尽管正则表达式不是最好的方法,但这里有一个递归匹配的解决方案:
(?>(?>\([^()]*(?R)?[^()]*\))|(?>\[[^[\]]*(?R)?[^[\]]*\])|(?>{[^{}]*(?R)?[^{}]*})|(?>"[^"]*")|(?>[^(){}[\]", ]+))(?>[ ]*(?R))*
如果我们把它分解,里面有一个组,里面有一些东西,后面是更多相同类型的匹配,用可选的空格分隔。
(?> <---- start matching
... <---- some stuff inside
) <---- end matching
(?>
[ ]* <---- optional spaces
(?R) <---- match the entire thing again
)* <---- can be repeated
从你的例子0, (1,2), (1,2,(1,2)) [1,2,3,[1,2]], [1,2,3],...,我们想要匹配:
0
(1,2)
(1,2,(1,2)) [1,2,3,[1,2]]
[1,2,3]
...
对于第三个匹配,里面的东西会匹配(1,2,(1,2))和[1,2,3,[1,2]],它们之间用空格隔开。
里面的东西是一系列的选项:
(?>
(?>...)| <---- will match balanced ()
(?>...)| <---- will match balanced []
(?>...)| <---- will match balanced {}
(?>...)| <---- will match "..."
(?>...) <---- will match anything else without space or comma
)
以下是选项:
\( <---- literal (
[^()]* <---- any number of chars except ( or )

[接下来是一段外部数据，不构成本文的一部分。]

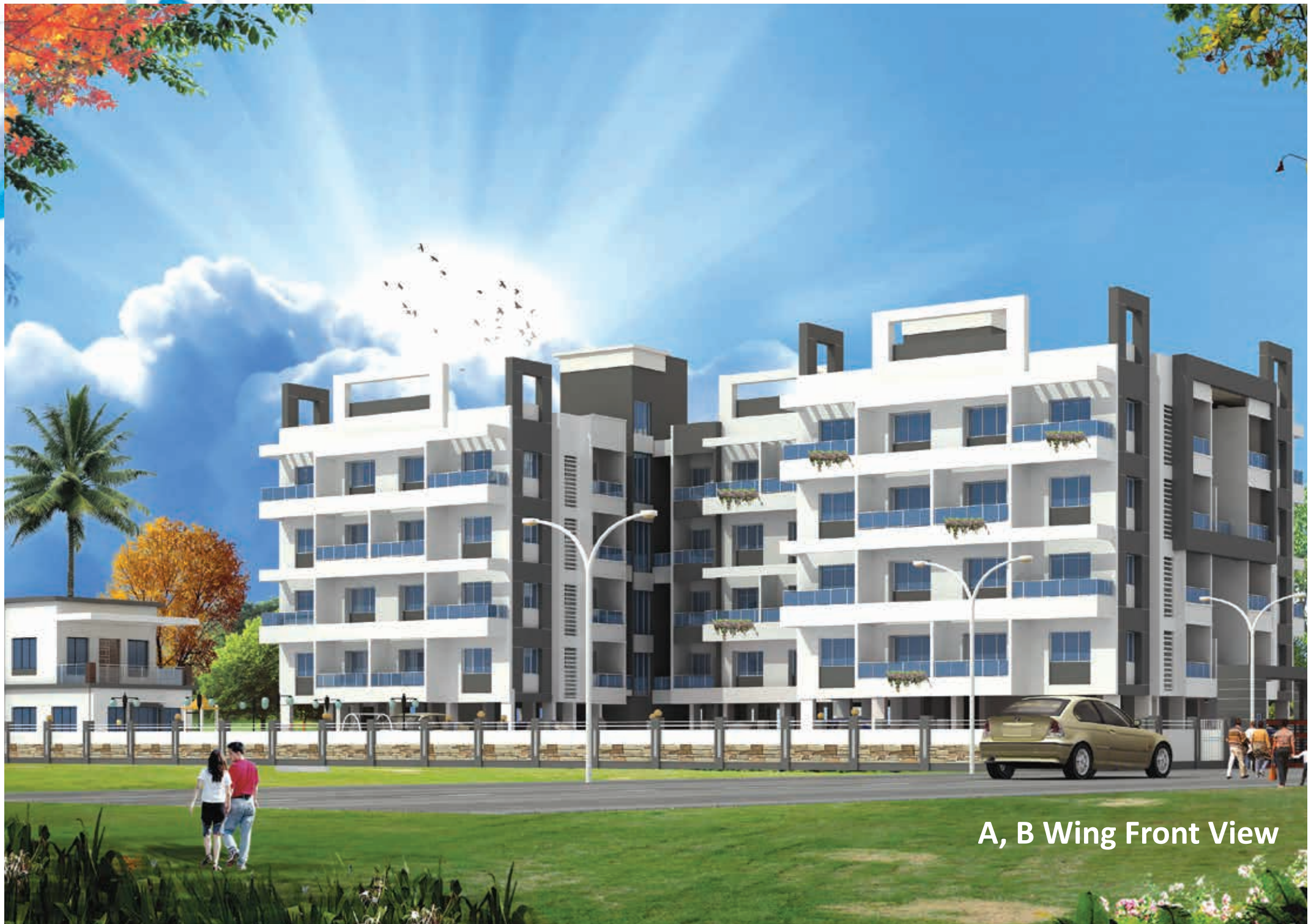
A, B Wing Front View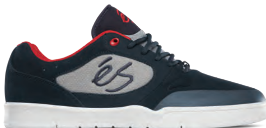
NAVY / GREY / WHITE 416 | Suede, Textile, Synthetic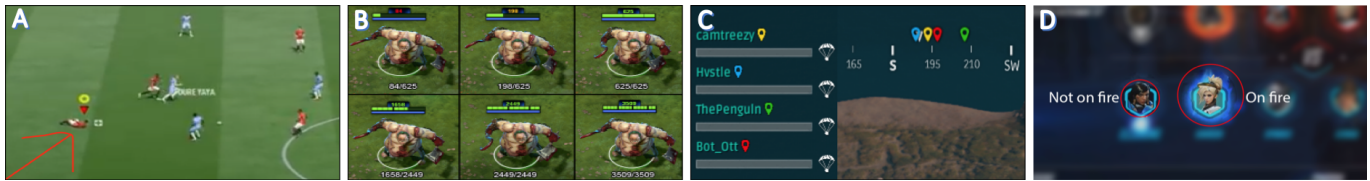
Figure 5. A: Avatar allegiance is shown by the characters clothing color in FIFA 17 [G11]. The arrow is pointing to a diegetic representation of status, low health/injury in this case. B: The dynamic nature of HP bars found in Dota 2 [G23]. C: In PUBG [G7] squad-mate HP bars, activity icons (parachuting) and waypoint colors are shown on the left while the center-top of the players screen shows a compass with the directions of their teammates waypoints. D: Player perception indication in Overwatch [G6] via a on-fire border animation. In this case it shows that the player is performing well.

event [4,5] (e.g., a teammate moving close by is represented by a unique character-specific footstep sound in Overwatch [G6]). Earcons are abstract sounds whose characteristics are varied corresponding to the underlying data they represent, so they can be used to build complex notifications [4, 5]. Learning to identify and make effective use of audio representations is challenging, but useful, for players [34].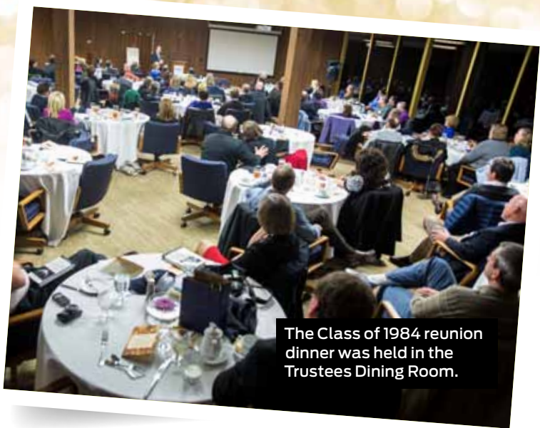
The Class of 1984 reunion dinner was held in the Trustees Dining Room.

(?R)? <---- match the entire thing optionally
[^()]* <---- any number of chars except ( or )
\) <---- literal )
\[ <---- literal [
[^[\]]* <---- any number of chars except [ or ]
(?R)? <---- match the entire thing optionally
[^[\]]* <---- any number of chars except [ or ]
\] <---- literal ]
{ <---- literal {
[^{}]* <---- any number of chars except { or }
(?R)? <---- match the entire thing optionally
[^{}]* <---- any number of chars except { or }
} <---- literal }
" <---- literal "
[^"]* <---- any number of chars except "
" <---- literal "
[^(){}[\]", ]+ <---- one or more chars except comma, or space, or these: (){}[]"
注意这不匹配一个逗号分隔的列表,而是这样一个列表中的项目。在上面的最后一个选项中排除逗号和空格会导致它在逗号或空格处停止匹配(除了我们在重复匹配之间明确允许的空格)。